### Information shown
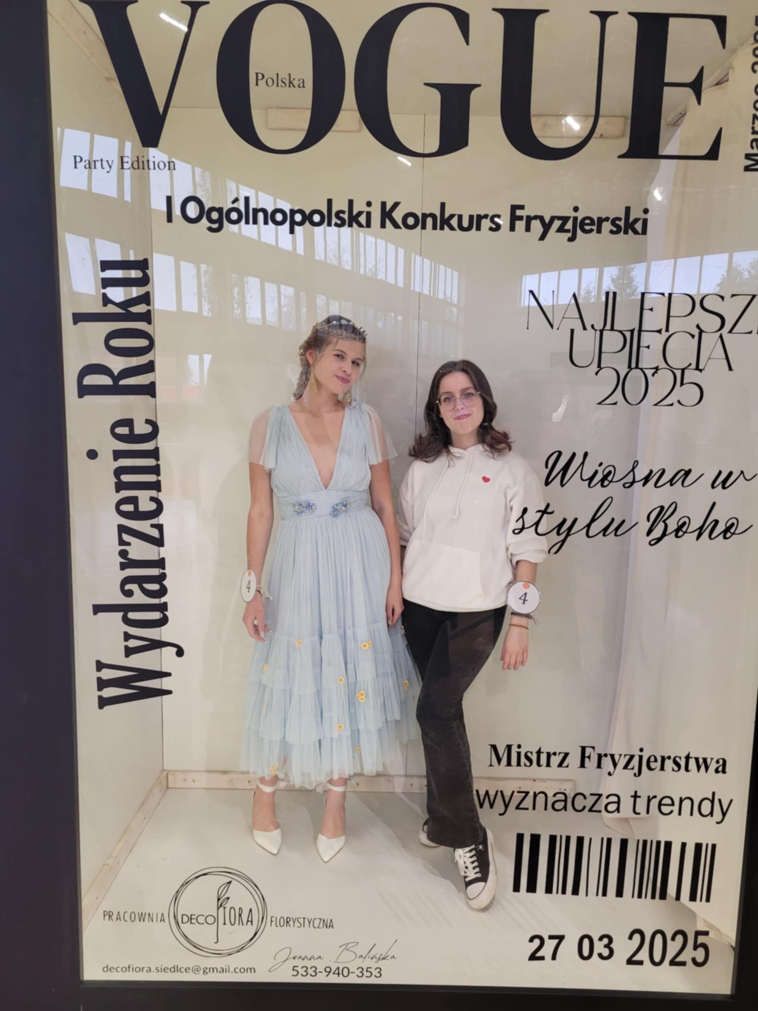 Dnia 27 marca 2025 roku w Zespole Szkół Ponadgimnazjalnych nr 5 w Siedlcach odbył się I Ogólnopolski Konkurs Fryzjerski pt. „Wiosna w stylu Boho”. W rywalizacji wzięło udział 24 utalentowanych młodych fryzjerów z 15 szkół. Wśród wyróżnionych znalazły się dwie uczennice naszej szkoły – Claudia Dzimira z klasy 4 TF ( modelka Natalia Żabczak) wyróżnienie od sponsora oraz Aleksandra Tutis z klasy 3fc (modelka Magdalena Ostasz), wyróżnienie od Pani Zuzanny Sumirskiej, autorki podręczników fryzjerskich. Uczestniczki miały za zadanie stworzyć fryzurę inspirowaną wiosennym stylem boho w ciągu 120 minut. Czas ten wymagał nie tylko technicznych umiejętności, ale również kreatywności i precyzyjnego wyczucia estetyki stylu. Konkurs był doskonałą okazją do pokazania swojego talentu i zdobycia cennego doświadczenia.
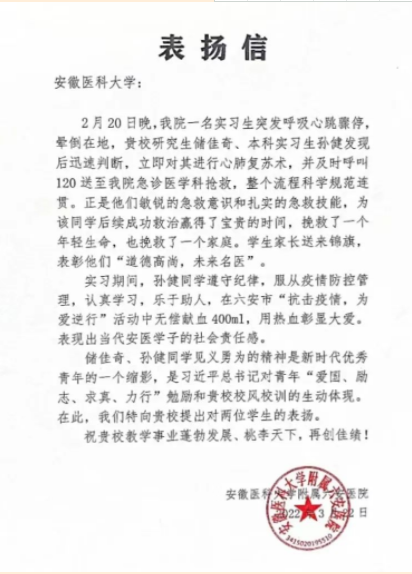 “两位大学生敏锐的急救意识和扎实的急救技能,教科书般地展现了医学生的专业素养,为我们后续成功救治赢得了宝贵时间,挽救了一个年轻的生命,也挽救了一个家庭。”事后,刘正东忍不住点赞。
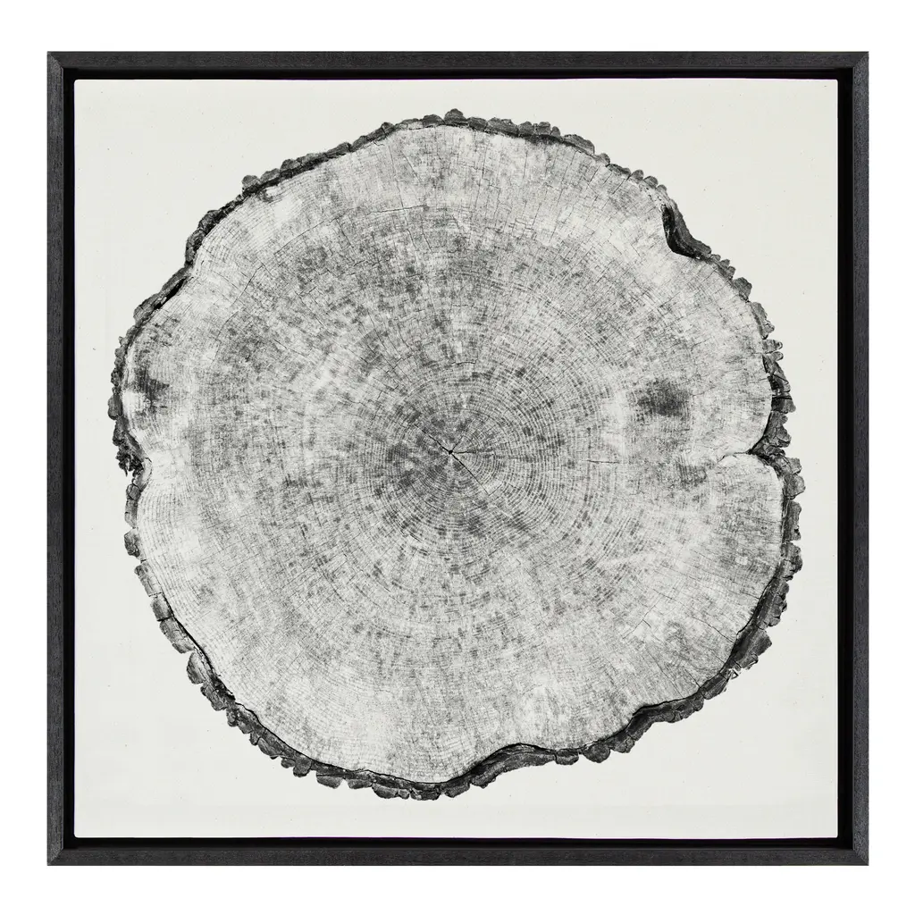 Decorate your home with some natural beauty inspired by the wisdom and long life of the forest. Fits with any decor, it could be Scandinavian, farmhouse, traditional, etc. Framed in a sleek modern frame, this contemporary design is the perfect art piece to add to your home decor collection. Printed and framed in the USA in Waunakee, Wisconsin, this framed linen textured canvas art will be a pleasure to look at every day in your living room, bedroom, office, or any room in the home. This art print also makes an excellent gift for a birthday, holiday, or house-warming. It has two hangers already attached for easy wall display. The outer dimensions are 30 inches by 30 inches by 1.63 inches. Print Name: "Tree Rings"
######
**Task prompt**. When you repeat the material, keep every word exact and drop the pictures.

**Your solution**.
 Dnia 27 marca 2025 roku w Zespole Szkół Ponadgimnazjalnych nr 5 w Siedlcach odbył się I Ogólnopolski Konkurs Fryzjerski pt. „Wiosna w stylu Boho”. W rywalizacji wzięło udział 24 utalentowanych młodych fryzjerów z 15 szkół. Wśród wyróżnionych znalazły się dwie uczennice naszej szkoły – Claudia Dzimira z klasy 4 TF ( modelka Natalia Żabczak) wyróżnienie od sponsora oraz Aleksandra Tutis z klasy 3fc (modelka Magdalena Ostasz), wyróżnienie od Pani Zuzanny Sumirskiej, autorki podręczników fryzjerskich. Uczestniczki miały za zadanie stworzyć fryzurę inspirowaną wiosennym stylem boho w ciągu 120 minut. Czas ten wymagał nie tylko technicznych umiejętności, ale również kreatywności i precyzyjnego wyczucia estetyki stylu. Konkurs był doskonałą okazją do pokazania swojego talentu i zdobycia cennego doświadczenia.
 “两位大学生敏锐的急救意识和扎实的急救技能,教科书般地展现了医学生的专业素养,为我们后续成功救治赢得了宝贵时间,挽救了一个年轻的生命,也挽救了一个家庭。”事后,刘正东忍不住点赞。
 Decorate your home with some natural beauty inspired by the wisdom and long life of the forest. Fits with any decor, it could be Scandinavian, farmhouse, traditional, etc. Framed in a sleek modern frame, this contemporary design is the perfect art piece to add to your home decor collection. Printed and framed in the USA in Waunakee, Wisconsin, this framed linen textured canvas art will be a pleasure to look at every day in your living room, bedroom, office, or any room in the home. This art print also makes an excellent gift for a birthday, holiday, or house-warming. It has two hangers already attached for easy wall display. The outer dimensions are 30 inches by 30 inches by 1.63 inches. Print Name: "Tree Rings"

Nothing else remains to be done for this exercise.